* **How to complete this task**:
Copy out and return the lines from the one holding "Just a few sprinkles" to the end of the listing below, both included, omitting the pictures.

* **Stored data**:
□ □ □ □ □ □ □

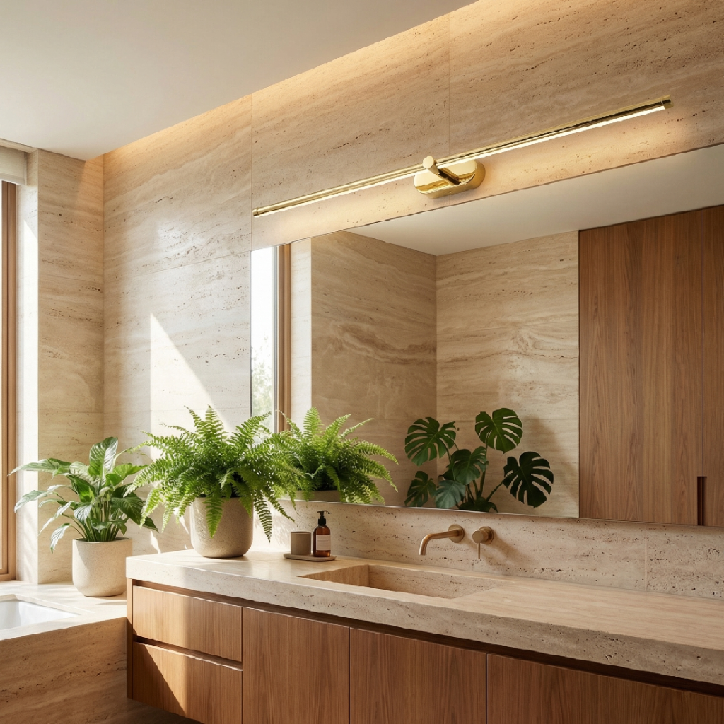 Délka 800 mm je optimální pro větší koupelnová zrcadla (70–90 cm šířky), kde kratší lampa by vypadala neproporčně, a pro šatní zrcadla podél celé šířky skříně. Lesklá zlatá u koupelnového zrcadla nad bílou sanitární keramikou nebo tmavými obklady vytváří dekorativní zlatou lištu, která celou stěnu zvedá na úroveň luxusního hotelového koupelnového designu.
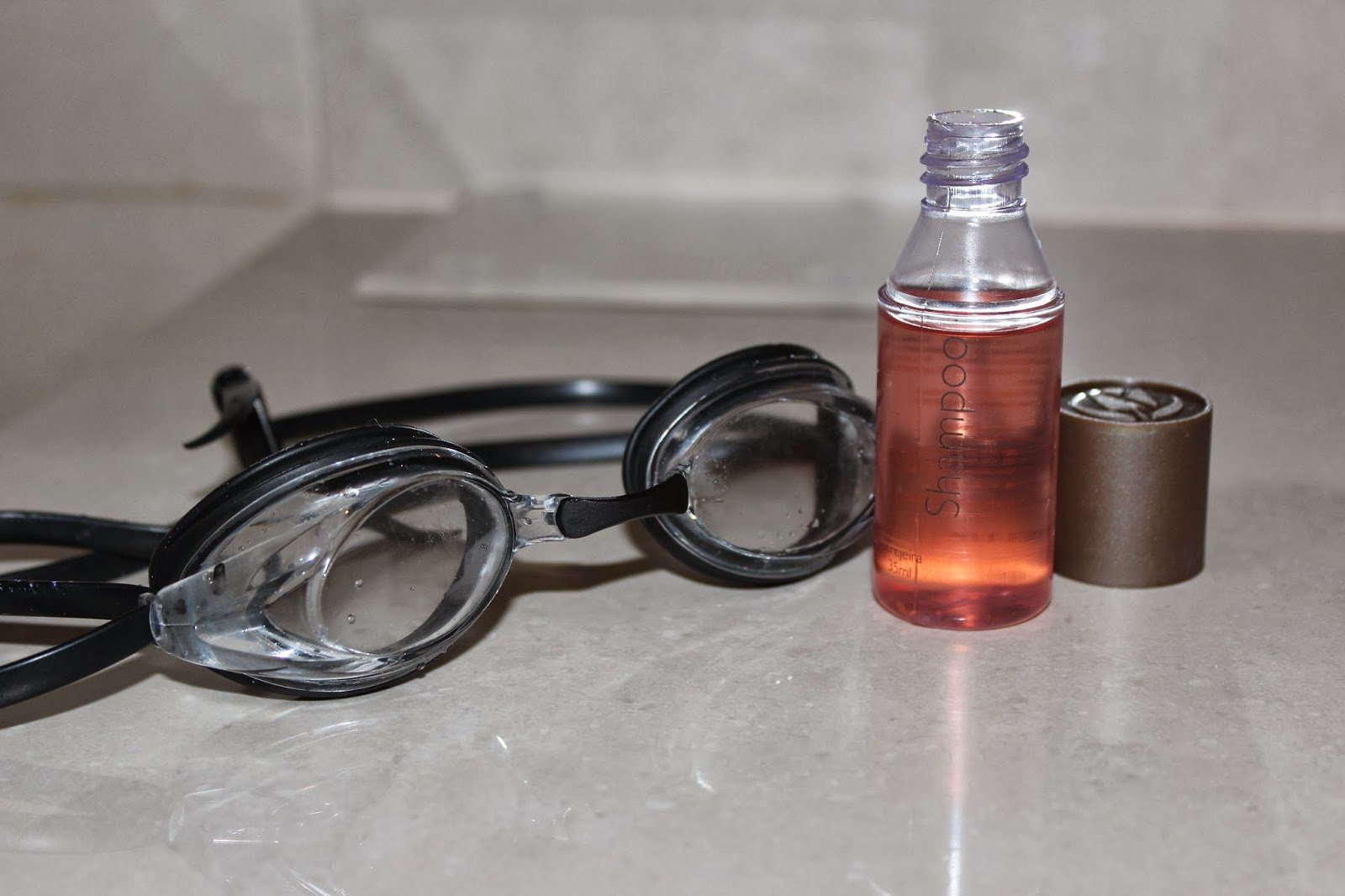 Just a few sprinkles of the hotel shampoo – or any mild shampoo – is a great way to clear your goggles.
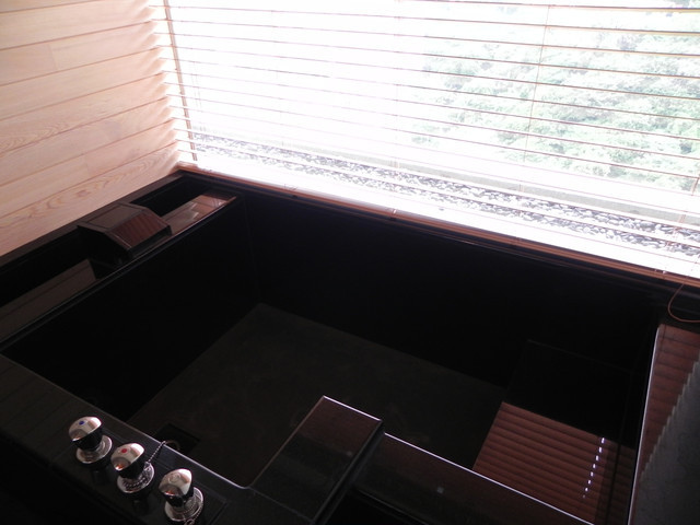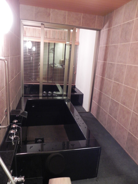 →半露天浴缸 其實我個人覺得....比較不像露天! 旁邊是玻璃門跟木門 有點像室內的感覺

□ □ □ □ □ □ □

* **Completed task**:
 Just a few sprinkles of the hotel shampoo – or any mild shampoo – is a great way to clear your goggles.
 →半露天浴缸 其實我個人覺得....比較不像露天! 旁邊是玻璃門跟木門 有點像室內的感覺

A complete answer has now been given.